**WHAT YOU ARE ASKED TO DO:** Print the lines that run from the line with "医療従事者は広義に言えば支援" to the line with "XS, 12кг,3м, светоот.", keeping both end lines, exactly as they appear in the entries below, and nothing else.

**SUPPLIED MATERIAL:**
Start of Block
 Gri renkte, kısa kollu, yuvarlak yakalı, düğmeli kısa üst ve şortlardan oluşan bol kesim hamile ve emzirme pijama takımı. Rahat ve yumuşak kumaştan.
End of Block
Start of Block
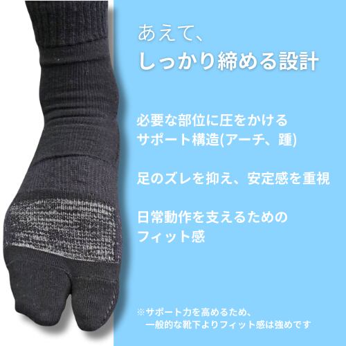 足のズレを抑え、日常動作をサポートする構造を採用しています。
End of Block
Start of Block
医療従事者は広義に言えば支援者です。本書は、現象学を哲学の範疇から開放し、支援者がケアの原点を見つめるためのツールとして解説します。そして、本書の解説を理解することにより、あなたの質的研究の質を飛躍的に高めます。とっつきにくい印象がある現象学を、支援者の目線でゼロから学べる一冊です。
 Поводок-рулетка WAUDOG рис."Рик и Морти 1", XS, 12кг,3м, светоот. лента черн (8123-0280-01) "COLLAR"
End of Block
**YOUR SOLUTION:**
医療従事者は広義に言えば支援者です。本書は、現象学を哲学の範疇から開放し、支援者がケアの原点を見つめるためのツールとして解説します。そして、本書の解説を理解することにより、あなたの質的研究の質を飛躍的に高めます。とっつきにくい印象がある現象学を、支援者の目線でゼロから学べる一冊です。
 Поводок-рулетка WAUDOG рис."Рик и Морти 1", XS, 12кг,3м, светоот. лента черн (8123-0280-01) "COLLAR"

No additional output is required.